Problem requirements
Print the records below exactly, starting at the first line and stopping after the line that contains "若未通过医师资格校验,则可能". Leave out any pictures.

Records from a data source:
_ _ _ _ _

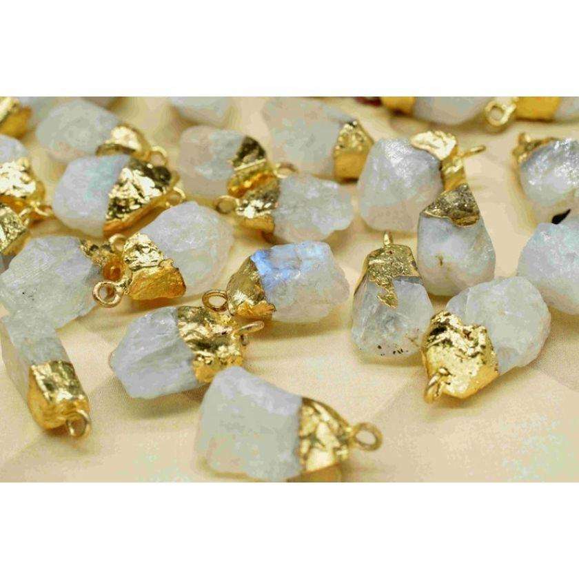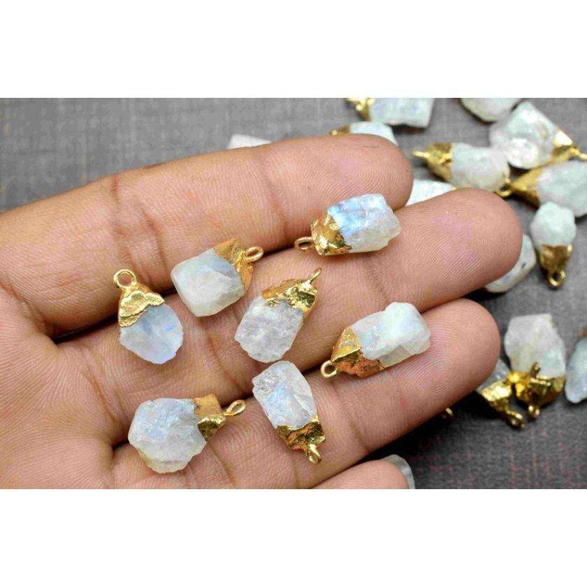 Piedra de Luna Arcoíris Blanca Natural en Bruto, Conector de Piedra de Nacimiento, Colgante de Alta Calidad con Efecto de Color, Bañado en Oro Vermeil, Gema de Junio
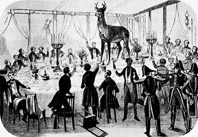 A supper to celebrate Saint Hubert, the patron saint of hunters, at the restaurant Véfour
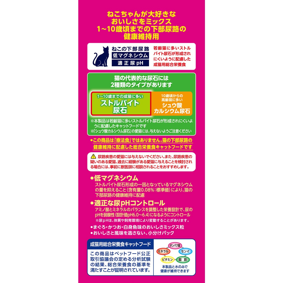 ねこちゃんが大好きなおいしさをミックス、1~10歳頃までの下部尿路の健康維持用
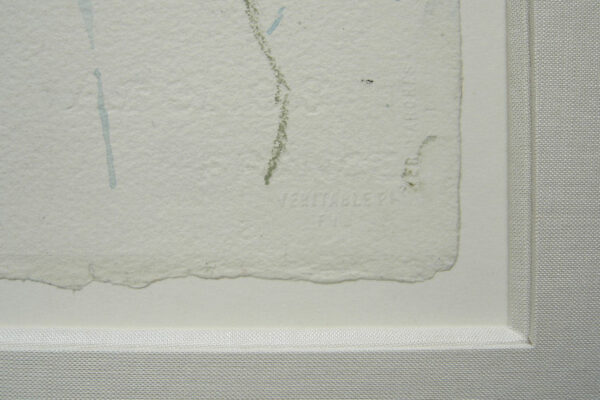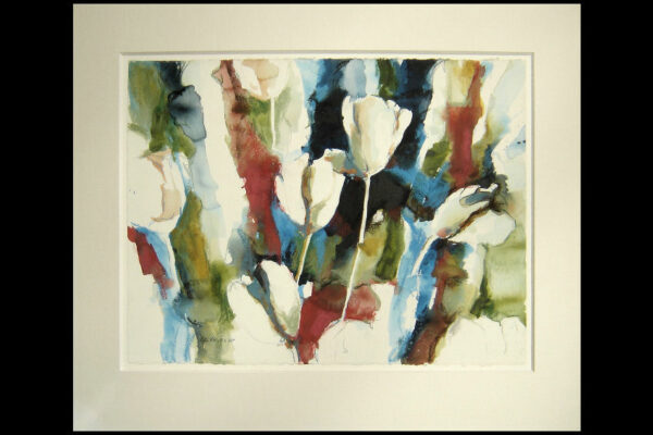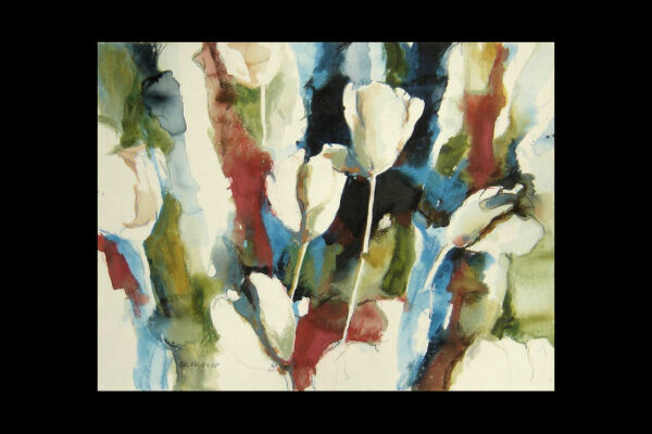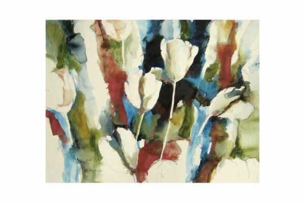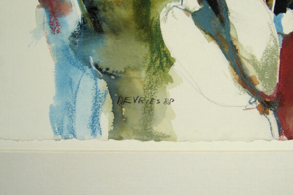 Deze grote aquarel met de afbeelding van tulpen is gemaakt door Paul de Vries. De aquarel is linksonder in potlood gesigneerd en gedateerd: DE Vries 88. Tevens is het geschepte aquarelleerpapier rechtsonder horizontaal gemerkt met een groot onleesbaar (water)merk, met daaronder veritable en een aantal letters / cijfers? Verticaal is het gemerkt met ER D Arones (Arones is een Grieks bedrijf in Kifissia Athene die al meer dan een eeuw in de papiersector vertegenwoordigd is). Het kunstwerk is aan de buitenkant van het passe partout gemeten 98.3 cm lang bij 81.1 cm. De aquarel zelf is 76 cm lang bij 57 cm. Het originele met linnen beklede passe partout heeft een héél lichte egale verkleuring.
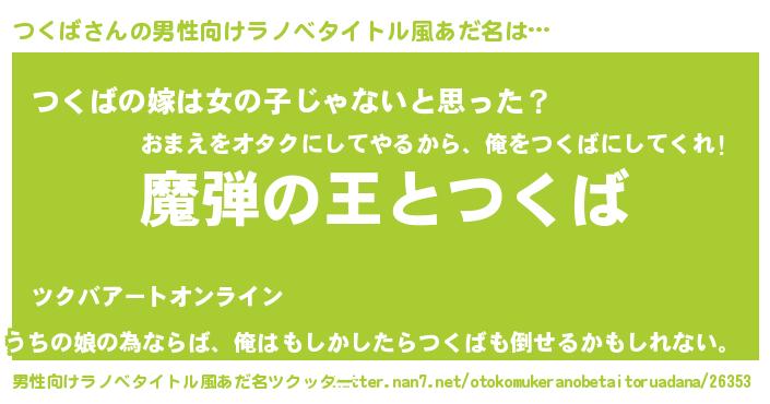| 女子向けラノベタイトル風あだ名 | 『乙女ゲームの破滅フラグしかない悪役つくばに転生してしまった…』 |
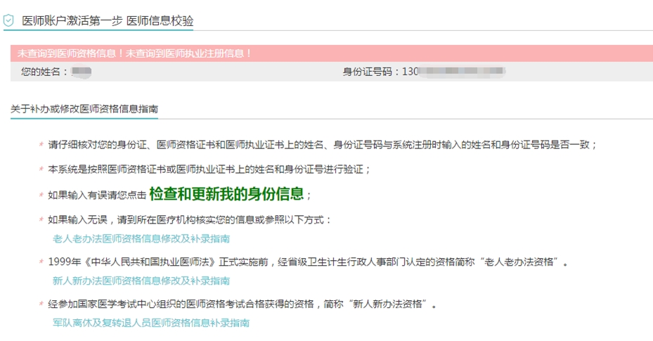 若未通过医师资格校验,则可能是注册时填写的姓名及身份证号码有误,请修改正确后继续验证;如果确认姓名及身份证号码无误,请在系统内“资格补【改】指南”菜单中查看解决办法。
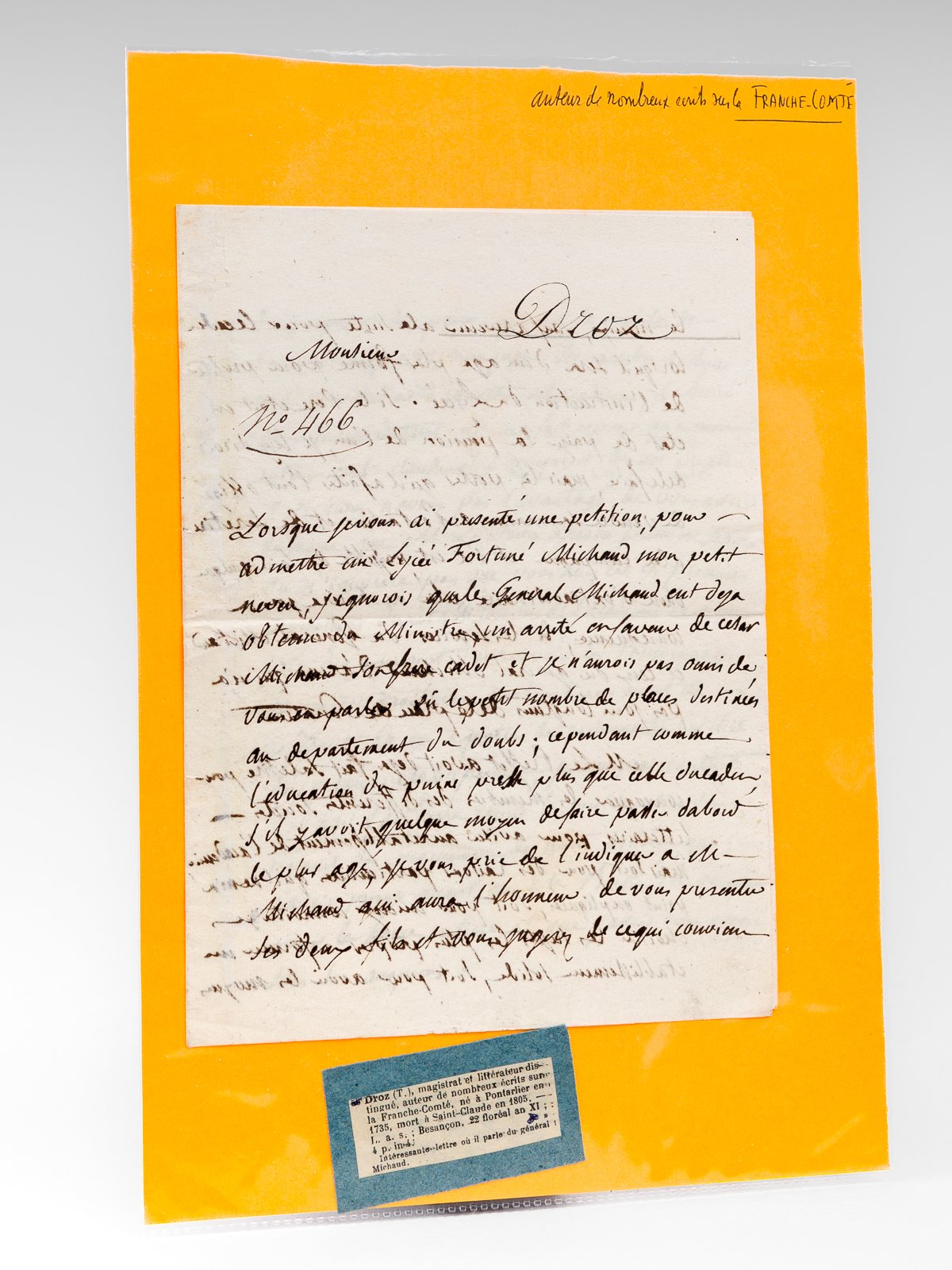 1 L.A.S. de 4 pages, datée de Besançon, le 22 floréal an XI [ 12 mai 1803 ] "Monsieur, Lorsque je vous ai présenté une pétition pour admettre au Lycée Fortuné Michaud mon petit neveu, j'ignorais que le Général Michaud eut déjà obtenu du Ministre un arrêté en faveur de César Michaud son frère cadet et je n'aurais pas omis de vous en parler vu le petit nombre de places destinées au département du Doubs ; cependant, comme l'éducation du puiné presse plus que celle du cadet, s'il y avait quelque moyen de faire passer d'abord le plus agé, je vous prie de l'indiquer à M. Michaud qui aura l'honneur de vous présenter les deux fils et vous jugerez de ce qui convient le mieux, sauf à revenir à la suite pour le cadet lorsqu'il sera d'un age plus formé pour profiter de l'instruction du Lycée. Si le Père était en état de payer la pension de l'un, je lui dirais de le faire, mais les pertes qu'il a faites l'ont obligé de vendre la maison à Pontarlier et de se retirer à la campagne et s'il est possible de faire quelque chose d'extraordinaire cela ne tirera pas à conséquence, vu les services du Général Michaud et ceux du général Michaud [d'arcan ? ] qui n'a pas jouï longtemps de la place de Sénateur" [ Droz évoque sur une page le rétablissement de l'Académie, les remarques du Préfet à ce propos, il évoque M. LeFevre ] "Ayant été pendant 40 ans a portée de reconnaître l'utilité du premier établissement, je mourrai content dès que l'on aura repris le continuation du Recueil des Monumens de notre histoire, que j'avais proposé avant que M. Bertin s'en occupe pour la France entière et que j'avais bien avancé sous ses auspices" [. ] "j'espère que nous n'oterez point ce terme de féodalité de votre Dictionnaire quand il ne restera quand il ne restera qu'un tribut rendu au génie aux talens ou a la beauté. Je suis avec respect, Monsieur, votre très humble et très obéissant serviteur". Intéressant L.A.S. attribuable au juriste et érudit Nicolas Droz (né à Pontarlier en 1735, mort à Saint-Claude en 1805), dans laquelle il parle du Général Michaud, mais aussi du rétablissement prochain de l'Académie ("des sciences, belles-lettres et arts de Besançon et de Franche-Comté"), qui sera effectif l'année suivante, en 1804. Nicolas Droz avait été nommé en 1771 secrétaire perpétuel de l'ancienne Académie, supprimée en 1793. Il était l'oncle du savant Joseph Droz.
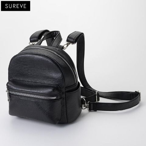 フロントにはファスナーと合皮ベルトを3か所施し、モード感のあるスタイルに。
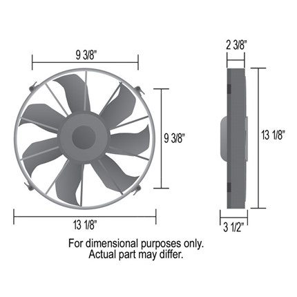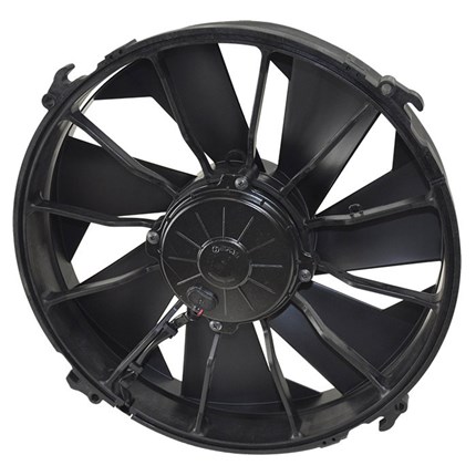 This 12" High Output Single RAD fan is a self-shrouded, symmetrical design with four molded mounting points. Motivated by a 300 watt motor driving 7 skewed blades, it can be used as a pusher with the supplied hardware kit. Fan can also be used as puller by combining with a custom built shroud. Moves 2000 CFM while drawing up to 24.8 amps. This is the replacement fan for part numbers 16814, 16825, 16826, 16836, 16837, 16838, 16842 & 16927.
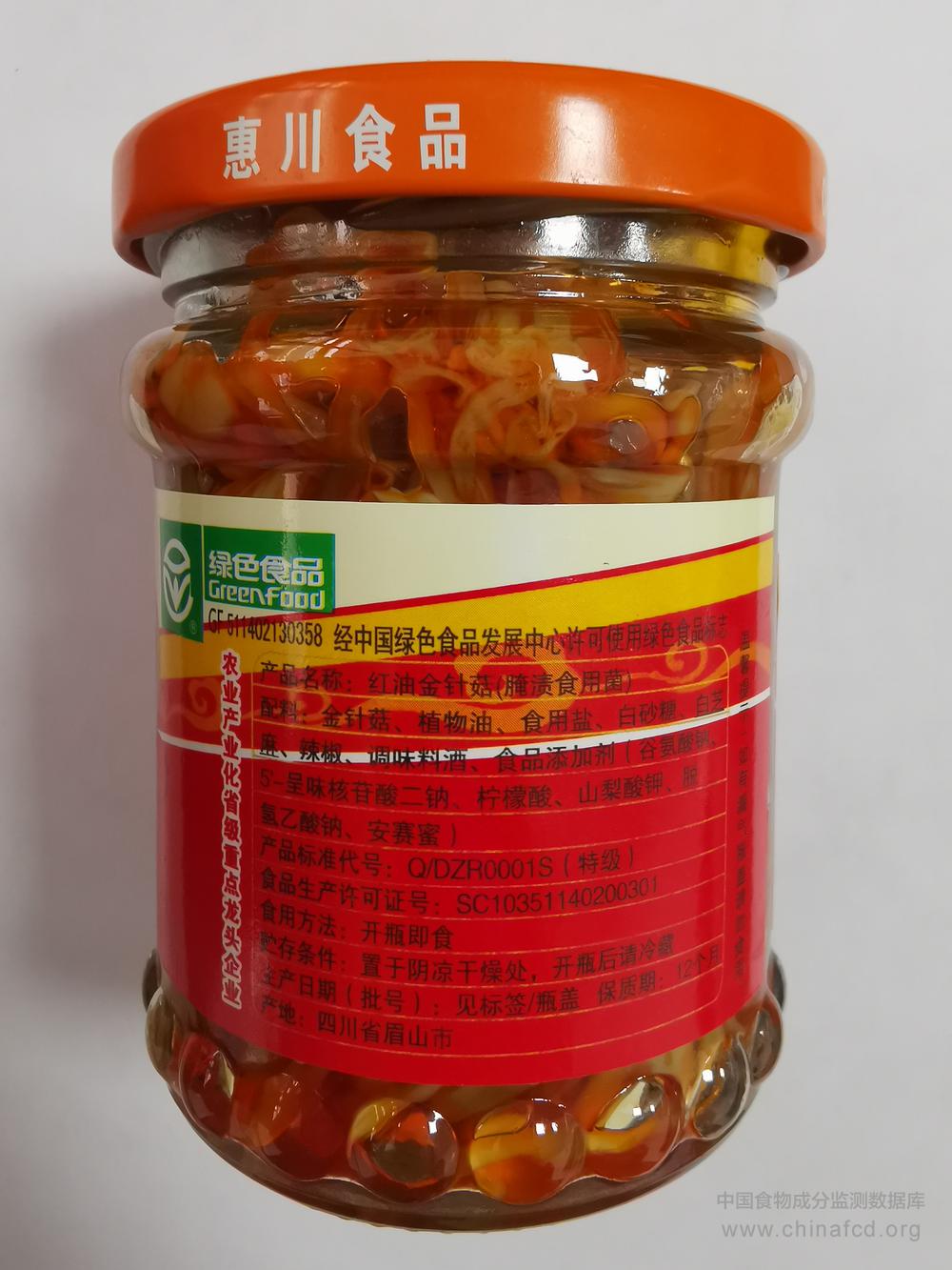 当前位置:预包装食品营养标签数据查询系统>>惠川红油金针菇

_ _ _ _ _

Exercise solution
 Piedra de Luna Arcoíris Blanca Natural en Bruto, Conector de Piedra de Nacimiento, Colgante de Alta Calidad con Efecto de Color, Bañado en Oro Vermeil, Gema de Junio
 A supper to celebrate Saint Hubert, the patron saint of hunters, at the restaurant Véfour
 ねこちゃんが大好きなおいしさをミックス、1~10歳頃までの下部尿路の健康維持用
 Deze grote aquarel met de afbeelding van tulpen is gemaakt door Paul de Vries. De aquarel is linksonder in potlood gesigneerd en gedateerd: DE Vries 88. Tevens is het geschepte aquarelleerpapier rechtsonder horizontaal gemerkt met een groot onleesbaar (water)merk, met daaronder veritable en een aantal letters / cijfers? Verticaal is het gemerkt met ER D Arones (Arones is een Grieks bedrijf in Kifissia Athene die al meer dan een eeuw in de papiersector vertegenwoordigd is). Het kunstwerk is aan de buitenkant van het passe partout gemeten 98.3 cm lang bij 81.1 cm. De aquarel zelf is 76 cm lang bij 57 cm. Het originele met linnen beklede passe partout heeft een héél lichte egale verkleuring.
| 女子向けラノベタイトル風あだ名 | 『乙女ゲームの破滅フラグしかない悪役つくばに転生してしまった…』 |
 若未通过医师资格校验,则可能是注册时填写的姓名及身份证号码有误,请修改正确后继续验证;如果确认姓名及身份证号码无误,请在系统内“资格补【改】指南”菜单中查看解决办法。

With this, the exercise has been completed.